By Martin Castro (The Cascade) – Email

 

Screen Shot 2016-04-01 at 4.35.49 PM

 

Cup Noodles are a beautiful thing. We can add some hot water to this thing in a styrofoam cup and have half a meal ready in five minutes. That kind of food technology was once thought to be reserved solely for astronauts orbiting the earth, with very little space or access to water. Now we can walk into a 7-Eleven and pick up 12 of those bad boys for like, $10.

As a matter of fact, I looked up Cup Noodles to double check their price at 7-Eleven, and apparently you don’t even have to leave your house to get your hands on food anymore. That’s right! You can buy a 12-pack of chicken-flavoured Nissin Cup Noodles for $9.55 from Amazon and have it delivered to your front door in 8-12 business days.

What a time to be alive! Everything really is at our fingertips.

Everything is just a button or keystroke away. You have to love it. One button here, and you’ve got yourself a whole new wardrobe; another button, and you’ve downloaded all of Margaret Atwood’s life’s work onto your Kindle.

And then, in a secret military complex housed deep in an unmapped mountain range, a security guard named Earl puts down his iPad (not his Kindle.
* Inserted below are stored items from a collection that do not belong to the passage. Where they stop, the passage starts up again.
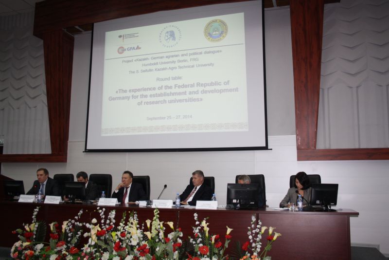 Im Rahmen des Kooperationsprojektes „Deutsch-Kasachischer Agrarpolitischer Dialog“ (APD) werden auch agrarwissenschaftliche Themen bearbeitet und Kontakte unterstützt. Die Kasachische Agrartechnische Univertät in Astana (KazATU) hat das Ziel, sich wissenschaftlich und organisatorisch stärker als bisher den neuen Herausforderungen anzupassen und die agrarwissenschaftliche Forschung in den Fokus ihrer Aktivitäten zu rücken.
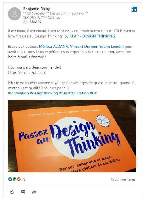 Rédigé par un trio d’experts (Vincent Dromer, Mélissa Aldana et Yoann Leméni), ce livre s’appuie sur une solide expertise : avec leur société Klap.io, ils ont organisé et animé plus de 400 ateliers de Design Thinking auprès d’une communauté de plus de 6000 personnes.
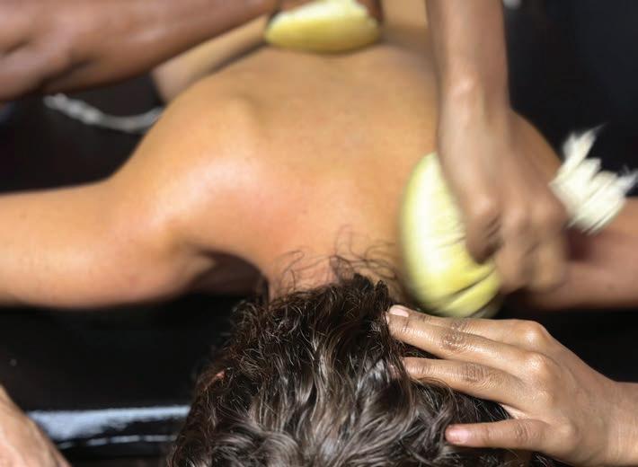 Nelle pagine seguenti, a sinistra, tamponi per trattamento cervicale. A destra, “shirodara” flusso continuo di olio sulla fronte per favorire rilassamento e benessere mentale.
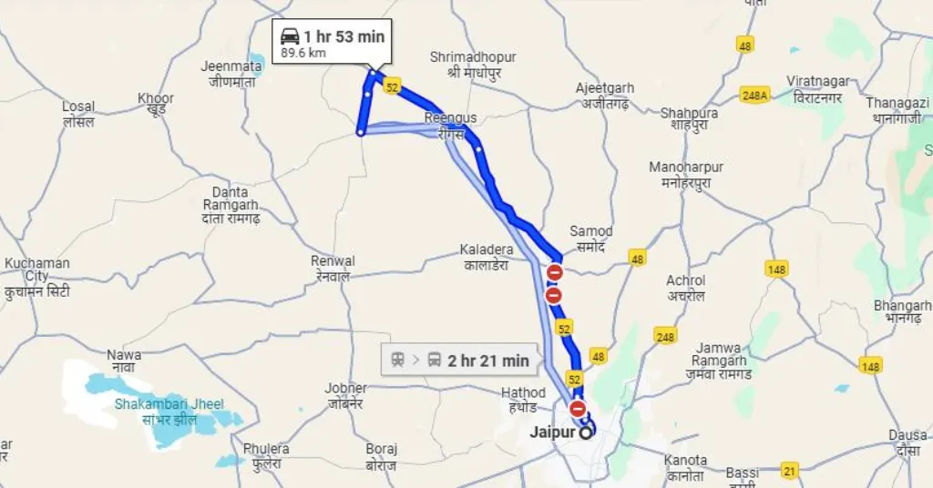 Google Maps के हिसाब से Palsana to Khatu Shyam Distance
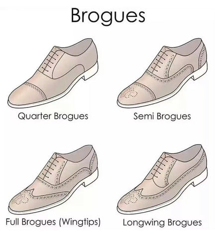 브로그는 독특한 천공과 윙팁 디자인으로 쉽게 알아볼 수 있습니다. 천공 또는 "브로깅"은 신발의 가장자리와 발가락 캡에서 찾을 수 있습니다. 'W' 형태라고도 불리는 윙팁 디자인은 신발 측면을 따라 브로그를 확장하여 만들어졌습니다.
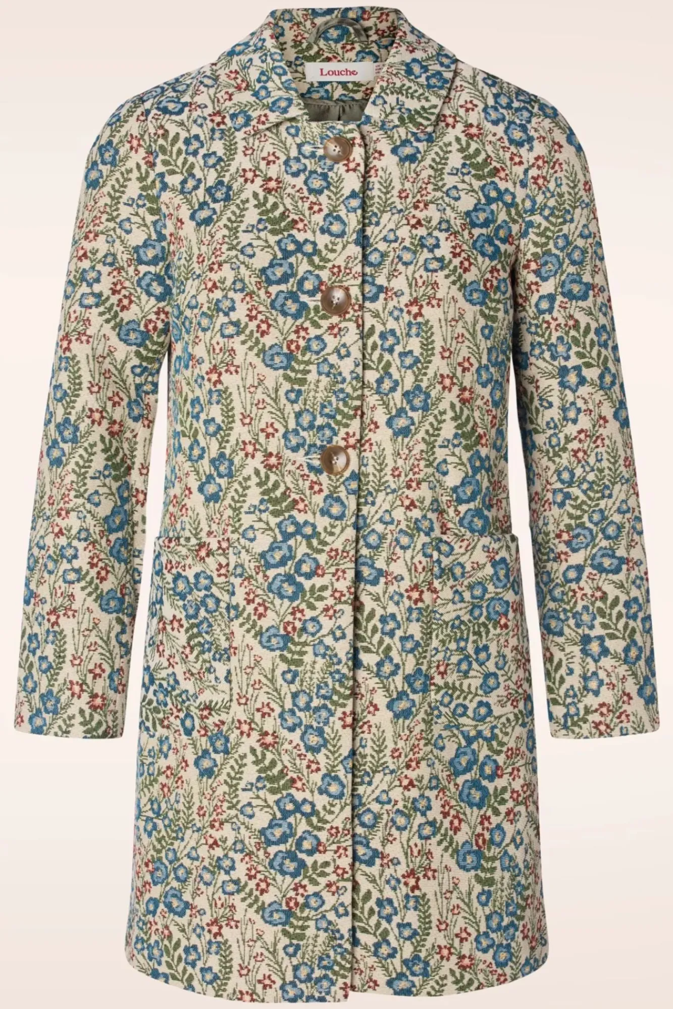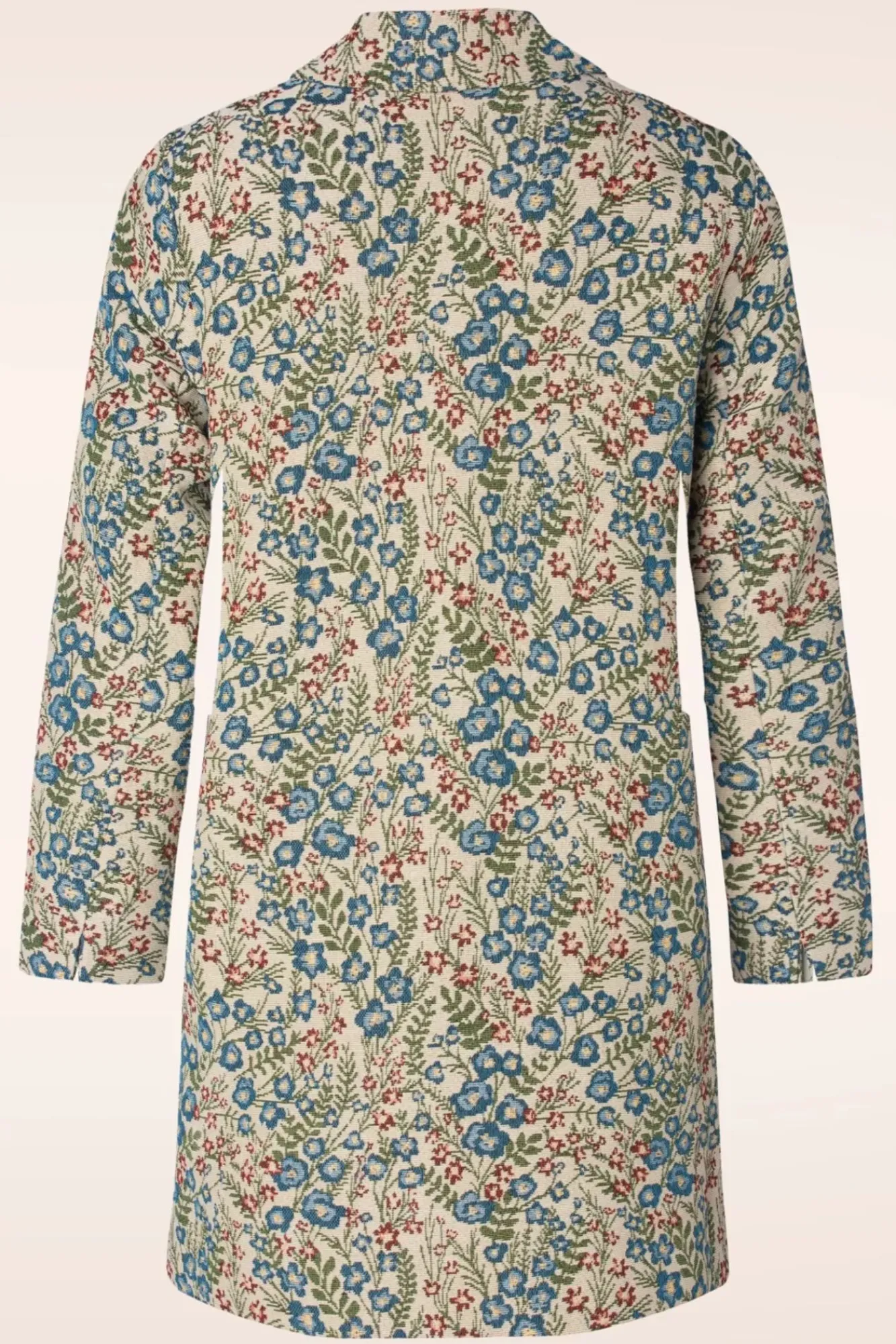 Neue Frühjahr/Sommer Kollektion ~ Dein Modischer Partner Für Kühlere Frühlingsabende! – Dies Wird Diesen Frühling Garantiert Dein Neuer Favoriter Übergangsmantel Sein! Gefertigt Aus Einem Etwas Dickeren Und Festen, Cremefarbenen Jaquard Stoff (Stretcht Nicht!), Der Mit Farbenfrohen Retro Blumen Gemustert Wurde.
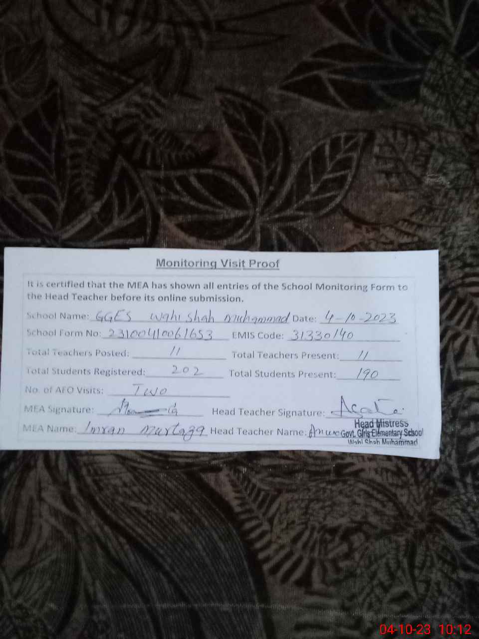 | Attendance Register | Head Teacher | MEA with School | Visit Proof |
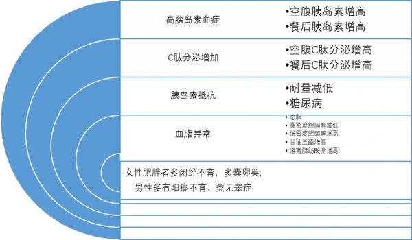 既具有高胰岛素血症,C肽分泌增加,同时又存在胰岛素抵抗,造成糖耐量减低或糖尿病。总脂、胆固醇、甘油三酯及游离脂肪酸常增高,呈高脂血症及高脂蛋白血症,成为动脉粥样硬化、冠心病、胆石症等病的基础。肥胖者血浆总蛋白、白蛋白、球蛋白 通常在正常范围,某些氨基酸可增加。

Earl is a steadfast Apple consumer, and we all know brand disloyalty is treason) and reaches for his Cup Noodles. Earl’s kind of annoyed.
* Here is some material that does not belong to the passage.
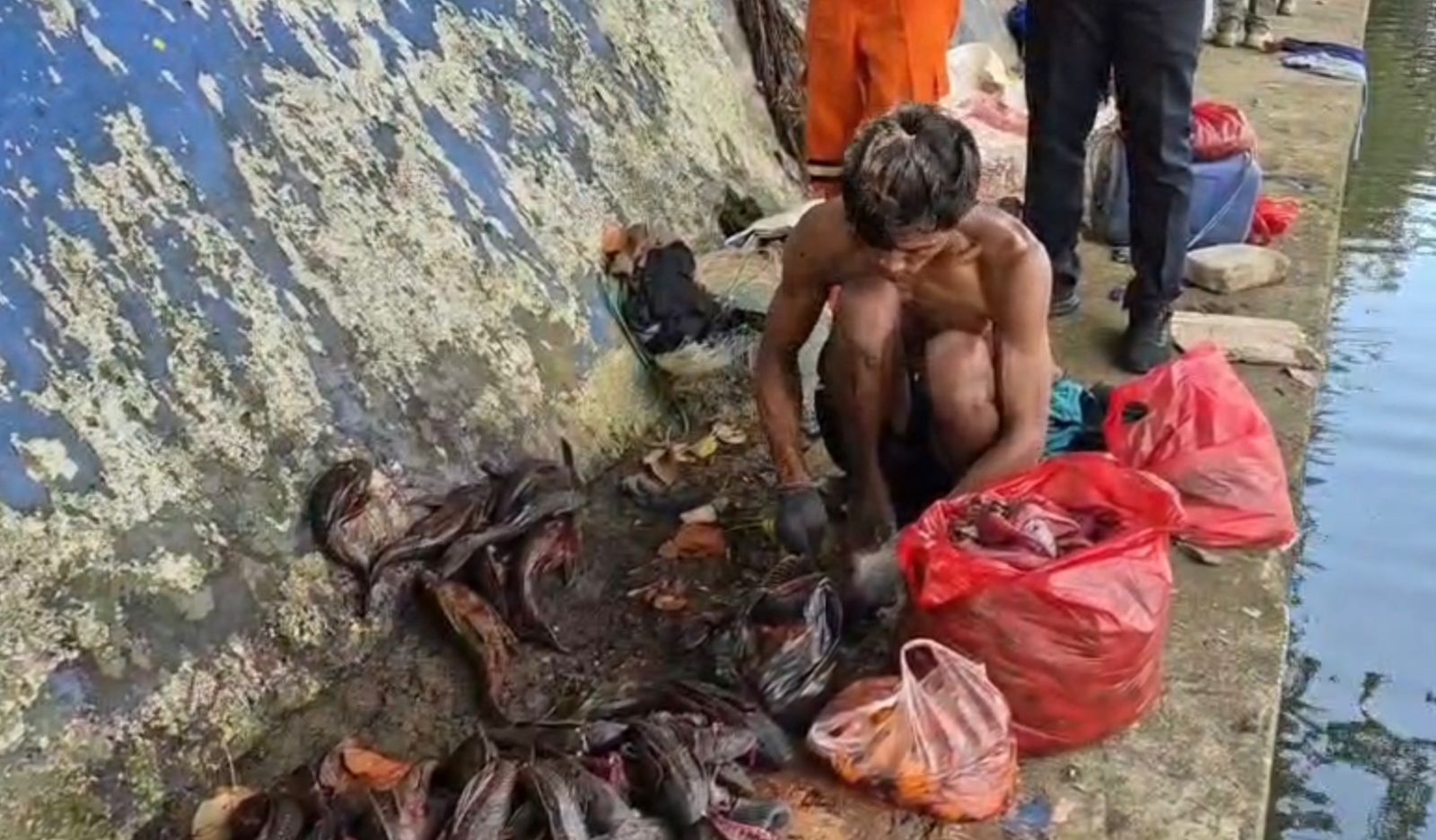 Mereka dipergoki sedang memfilet ikan sapu-sapu di bantaran Anak Kali Ciliwung, Pasar Baru.

Seriously, who has five minutes to wait around for noodles? he thinks, leaning out of his chair. And just as he’s grabbed his hot, noodly prize, an alarm goes off. Earl looks down in horror; he’s pressed his iPad to the “Fire Missile” button. And this is how the world ends.

Electricity is no longer a thing, houses lose their heating, our iPads run out of power and we have no way of charging them back up, wi-fi is a thing of the past. People wander out of their tanning beds and outside dazed, unaccustomed to actual sunlight.

Down the street, in the supermarket, Debora, Earl’s wife, is desperately trying to find one more $5 bill in her purse. The ATMs are down, the debit / credit system is broken, there’s no electricity, and stores only take cash. And so after minutes of ravaging through her purse, Debora scrounges up two fivers and a ten to pay for groceries.

But five days later Debora is near death, because as she prepared to heat her Cup Noodles, she realized nobody in her neighborhood had actual kettles, only electric ones. And everyone’s got electric stoves.

And on the off chance somebody gets a fire going, what are we going to do? Nobody can cook. I don’t know how to hunt a deer, or gut it, or cook it. Neither does Earl, or Debora.

And there’s only so many Cup Noodles.

And so, on the 27th day of the apocalypse Debora and Earl realize they can’t even start a fire, because they have no cash, only credit cards. They can’t even use the pages of books for kindling, because all their books are on Kindles.

“I know they said the print industry was going out of business,” says Earl, “but all of Ray Bradbury’s life’s work was on sale for $29.99, and I didn’t really want to wait for them to ship here.”